PROBLEM DETAILS –
Below are entries with pictures in them. Output exactly the lines starting at the line with "a. Coat the" and ending at the line with "Desa Narimbang Mulia.", both included, but not the pictures.

Source records –
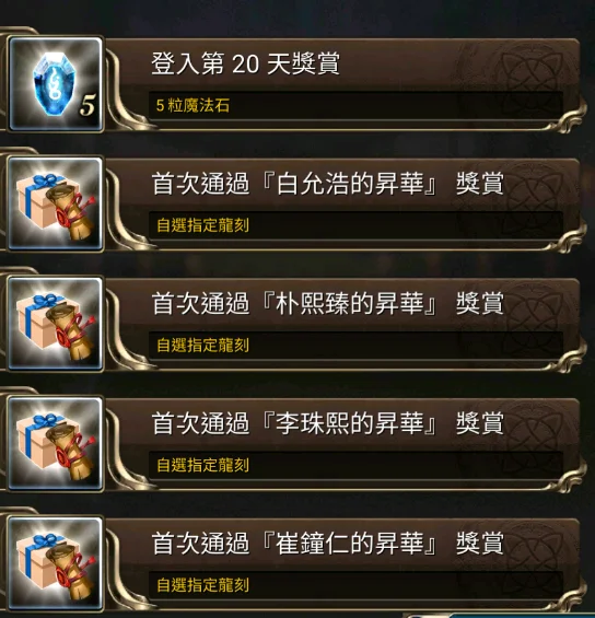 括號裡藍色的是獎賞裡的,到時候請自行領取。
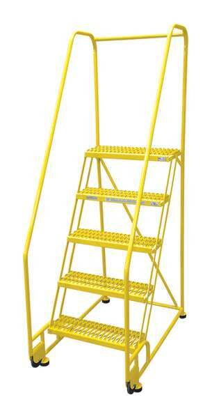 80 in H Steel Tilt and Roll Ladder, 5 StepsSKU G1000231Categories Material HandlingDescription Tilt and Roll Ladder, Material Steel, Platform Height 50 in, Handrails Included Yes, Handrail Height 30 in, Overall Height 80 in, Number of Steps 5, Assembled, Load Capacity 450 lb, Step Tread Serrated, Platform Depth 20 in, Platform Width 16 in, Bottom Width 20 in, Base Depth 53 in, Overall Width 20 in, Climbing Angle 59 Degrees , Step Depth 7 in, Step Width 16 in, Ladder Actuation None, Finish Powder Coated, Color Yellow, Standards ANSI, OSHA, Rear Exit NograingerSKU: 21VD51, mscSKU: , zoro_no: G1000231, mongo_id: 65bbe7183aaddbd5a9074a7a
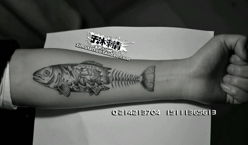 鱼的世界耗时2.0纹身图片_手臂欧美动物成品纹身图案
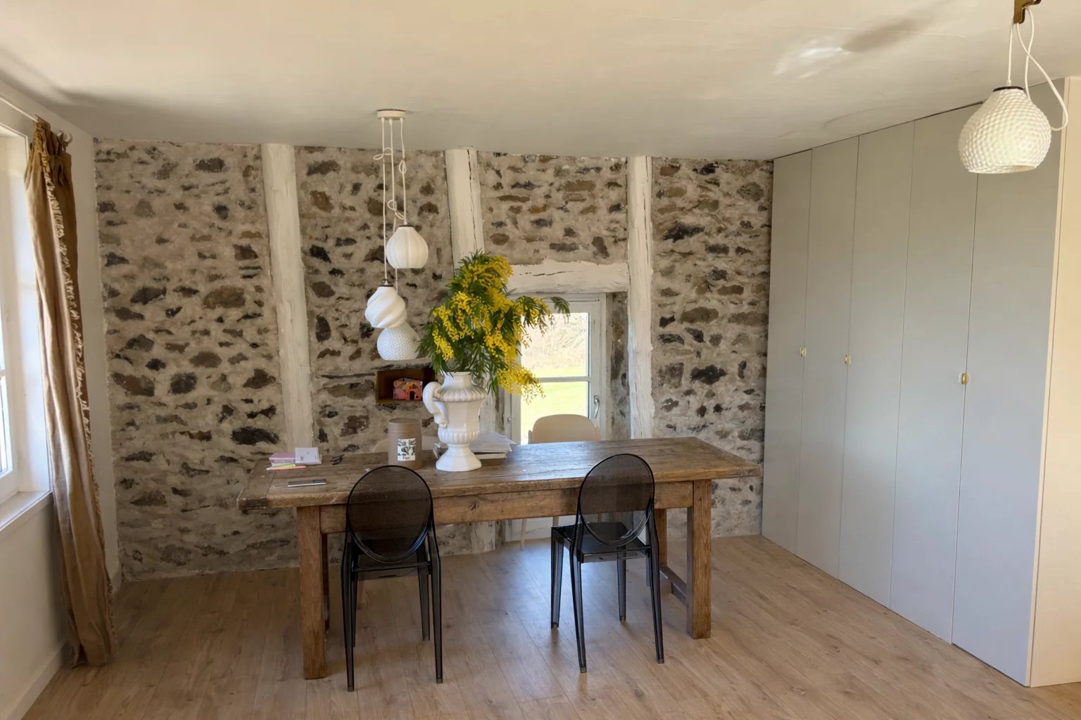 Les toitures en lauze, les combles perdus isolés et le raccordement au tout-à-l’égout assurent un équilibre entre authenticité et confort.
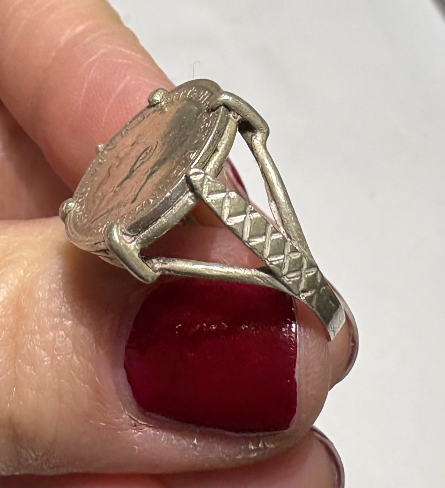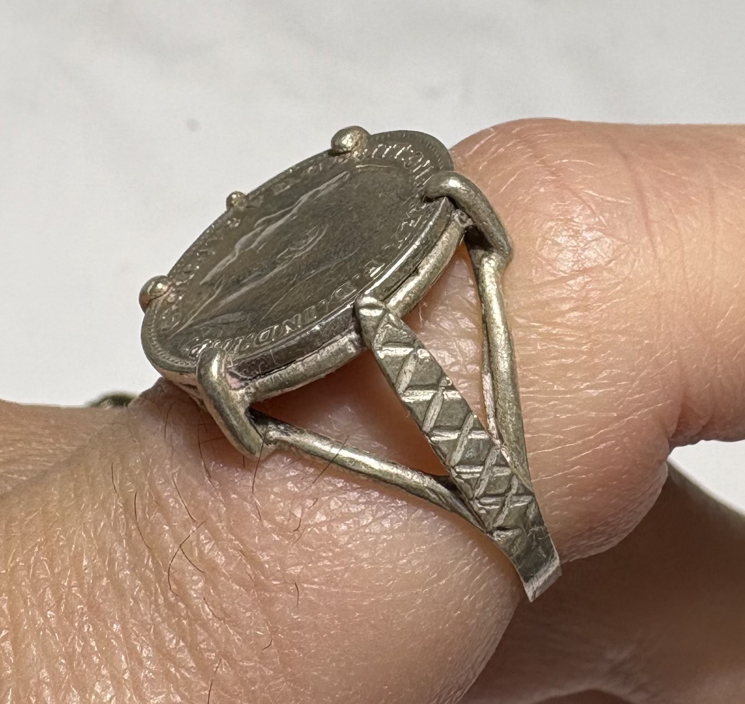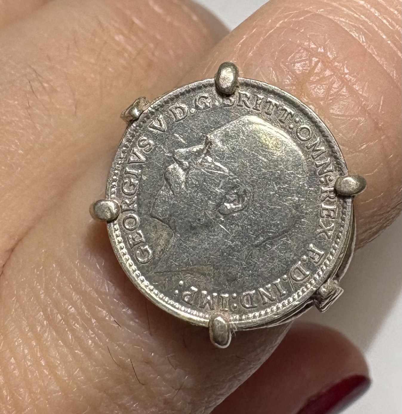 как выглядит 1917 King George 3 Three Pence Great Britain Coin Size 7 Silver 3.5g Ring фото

...

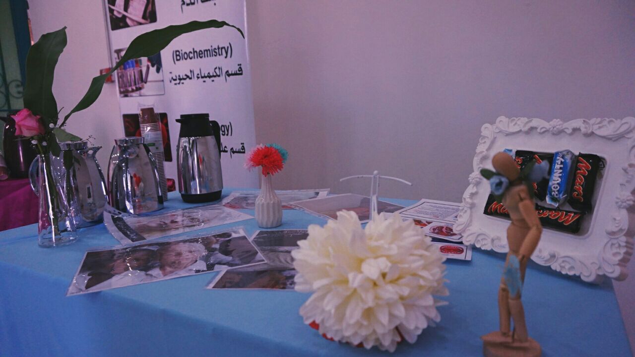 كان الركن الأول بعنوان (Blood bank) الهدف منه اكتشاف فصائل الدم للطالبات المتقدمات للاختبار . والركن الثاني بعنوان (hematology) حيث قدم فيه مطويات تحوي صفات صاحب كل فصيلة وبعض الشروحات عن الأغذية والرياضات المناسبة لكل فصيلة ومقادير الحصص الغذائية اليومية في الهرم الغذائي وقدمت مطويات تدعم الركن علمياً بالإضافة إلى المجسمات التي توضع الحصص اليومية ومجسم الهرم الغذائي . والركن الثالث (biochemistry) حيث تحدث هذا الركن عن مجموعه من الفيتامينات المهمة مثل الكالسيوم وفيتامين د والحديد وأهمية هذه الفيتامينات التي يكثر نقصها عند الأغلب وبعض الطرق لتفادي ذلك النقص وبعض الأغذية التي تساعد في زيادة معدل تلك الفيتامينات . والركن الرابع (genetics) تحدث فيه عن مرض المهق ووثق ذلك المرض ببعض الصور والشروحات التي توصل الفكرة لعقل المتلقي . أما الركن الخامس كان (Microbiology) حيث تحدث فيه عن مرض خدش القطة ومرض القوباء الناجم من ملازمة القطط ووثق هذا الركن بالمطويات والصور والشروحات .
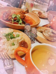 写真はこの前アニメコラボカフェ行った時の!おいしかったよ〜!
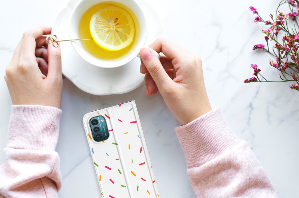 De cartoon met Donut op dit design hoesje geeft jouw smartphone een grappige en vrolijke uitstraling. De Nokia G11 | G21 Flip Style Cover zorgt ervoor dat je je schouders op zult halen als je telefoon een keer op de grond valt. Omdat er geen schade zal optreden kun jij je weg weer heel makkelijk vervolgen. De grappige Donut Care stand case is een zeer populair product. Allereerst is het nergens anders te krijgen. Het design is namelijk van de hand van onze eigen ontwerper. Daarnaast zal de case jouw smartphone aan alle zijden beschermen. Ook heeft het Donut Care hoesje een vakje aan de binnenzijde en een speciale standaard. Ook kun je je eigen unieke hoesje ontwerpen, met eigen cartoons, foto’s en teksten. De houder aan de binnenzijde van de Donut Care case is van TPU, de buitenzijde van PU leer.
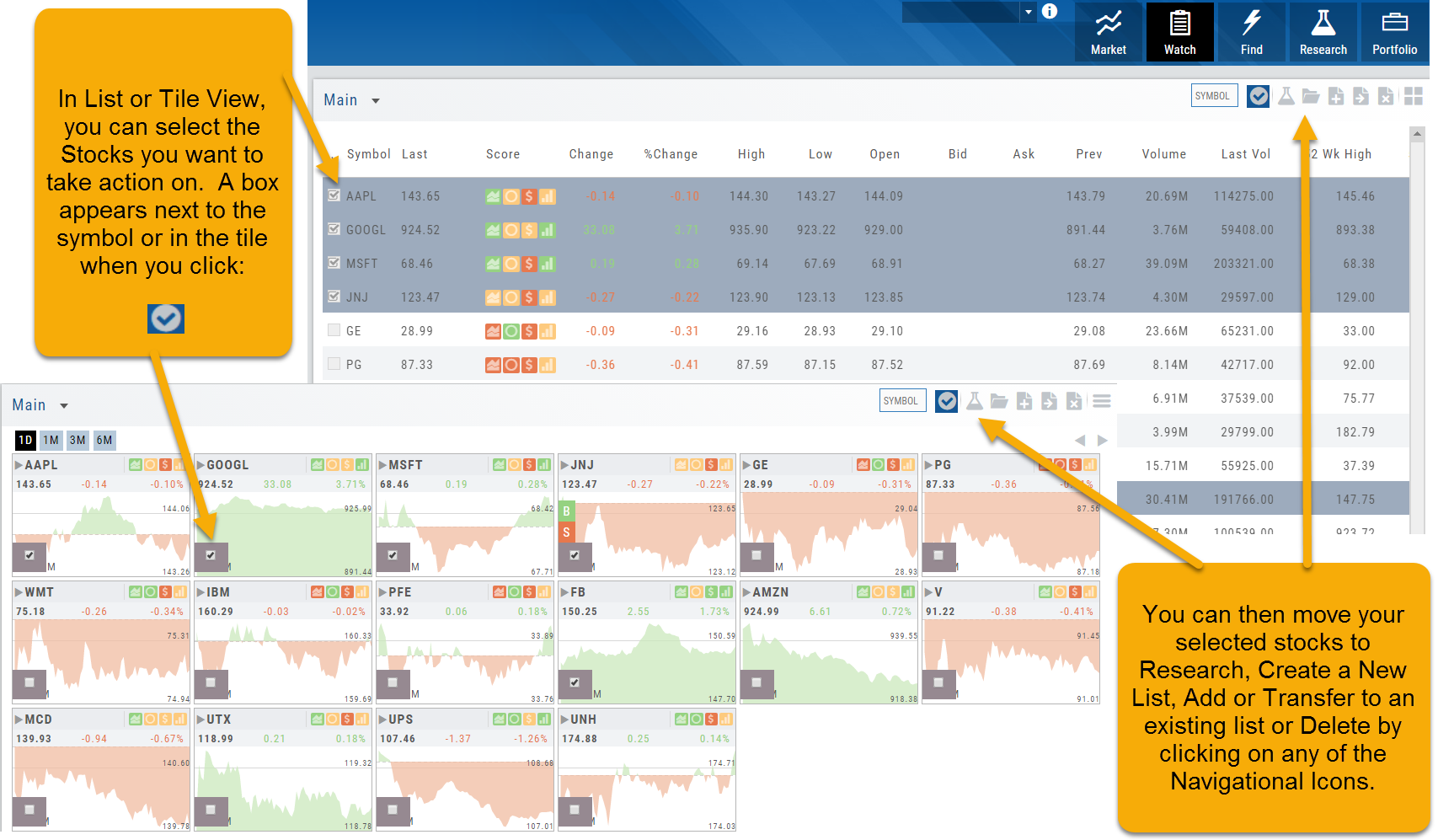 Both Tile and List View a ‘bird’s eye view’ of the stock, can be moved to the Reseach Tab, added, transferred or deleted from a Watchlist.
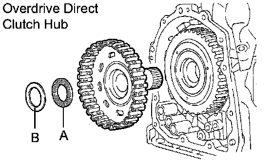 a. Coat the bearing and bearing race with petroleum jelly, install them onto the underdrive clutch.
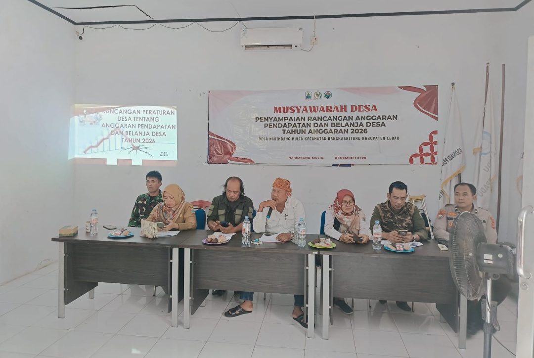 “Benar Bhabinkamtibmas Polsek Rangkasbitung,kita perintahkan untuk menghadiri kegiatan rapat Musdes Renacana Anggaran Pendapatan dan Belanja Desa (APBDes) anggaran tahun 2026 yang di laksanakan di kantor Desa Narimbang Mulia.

YOUR RESPONSE –
 a. Coat the bearing and bearing race with petroleum jelly, install them onto the underdrive clutch.
 “Benar Bhabinkamtibmas Polsek Rangkasbitung,kita perintahkan untuk menghadiri kegiatan rapat Musdes Renacana Anggaran Pendapatan dan Belanja Desa (APBDes) anggaran tahun 2026 yang di laksanakan di kantor Desa Narimbang Mulia.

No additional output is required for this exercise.